Profiling create_train_X_y¶
Understand how the create_train_X_y method is influenced by the length of the series and the number of lags.
# Profiling `create_train_X_y` for different length of series and number of lags
# ======================================================================================
series_length = np.linspace(1000, 1000000, num=5, dtype=int)

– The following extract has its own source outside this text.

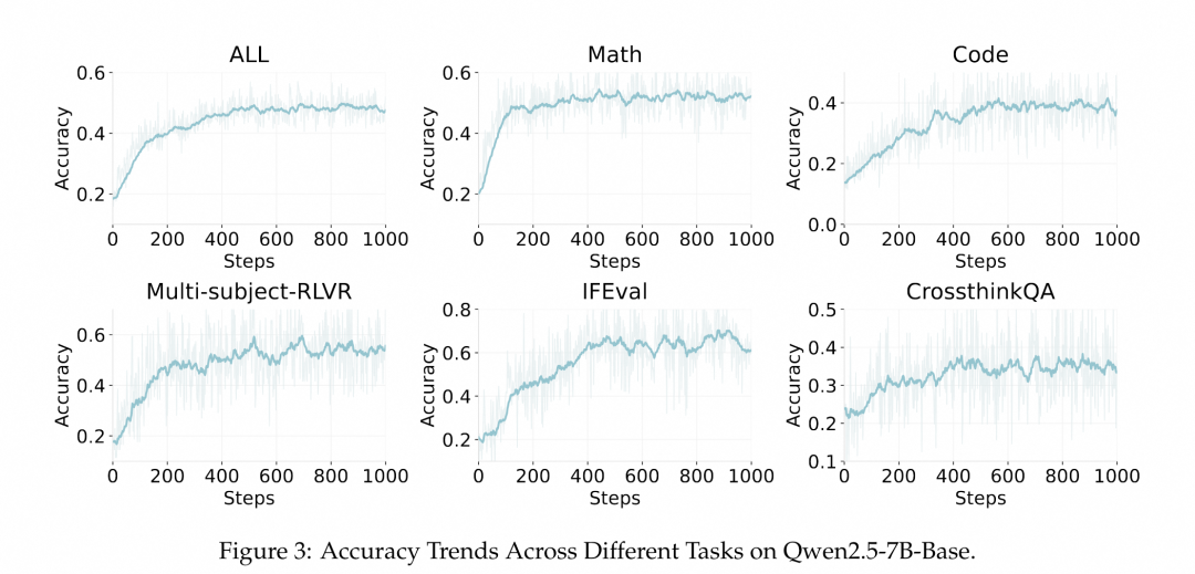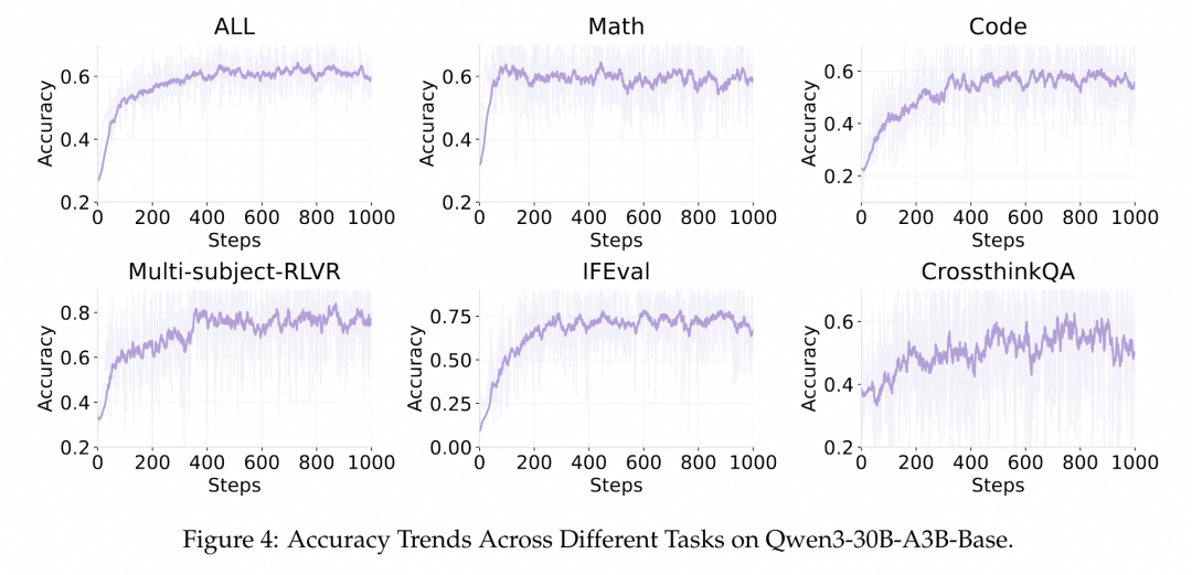 图 4a 展示了 Qwen3-30B-A3B-Base 模型在不同任务上的性能变化。该模型的总体准确率由 0.27 提升至 0.62,提升了约 2.3 倍。尽管 Qwen3-30B-A3B-Base 采用了 Mixture-of-Experts 架构,在训练过程中表现出更大的波动性,但其整体趋势依然明显上升,并最终达到了更优的性能表现。

n_lags = [5, 10, 50, 100, 200]
results = {}
for lags in n_lags:
execution_time = []
forecaster = ForecasterRecursive(
regressor = DummyRegressor(),
lags = lags
)
for n in series_length:
y = pd.Series(data = np.random.normal(size=n))
tic = time.perf_counter()
_ = forecaster.create_train_X_y(y=y)
toc = time.perf_counter()
execution_time.append(toc - tic)
results[lags] = execution_time
results = pd.DataFrame(
data = results,
index = series_length
)
results
| 5 | 10 | 50 | 100 | 200 | |
|---|---|---|---|---|---|
| 1000 | 0.000890 | 0.000957 | 0.001248 | 0.002070 | 0.003482 |
| 250750 | 0.006234 | 0.006186 | 0.033500 | 0.063247 | 0.123518 |
| 500500 | 0.011425 | 0.018634 | 0.064680 | 0.126329 | 0.250267 |
| 750250 | 0.016728 | 0.023954 | 0.102774 | 0.200989 | 0.402883 |
| 1000000 | 0.016318 | 0.027664 | 0.107433 | 0.211251 | 0.425320 |
fig, ax = plt.subplots(figsize=(7, 4))
results.plot(ax=ax, marker='.')
ax.set_xlabel('length of series')
ax.set_ylabel('time (seconds)')
ax.set_title('Profiling create_train_X_y()')
ax.legend(title='number of lags');
Profiling predict¶
forecaster = ForecasterRecursive(
regressor = DummyRegressor(),
lags = 24
)
forecaster.fit(y=data)
%%pyinstrument
_ = forecaster.predict(steps=1000)
forecaster = ForecasterRecursive(
regressor = HistGradientBoostingRegressor(max_iter=10, random_state=123),
lags = 24
)
forecaster.fit(y=data)
%%pyinstrument
_ = forecaster.predict(steps=1000)
Inside the predict method, the append action is the most expensive but, similar to what happen with fit, it is negligible compared to the time need by the predict method of the regressor.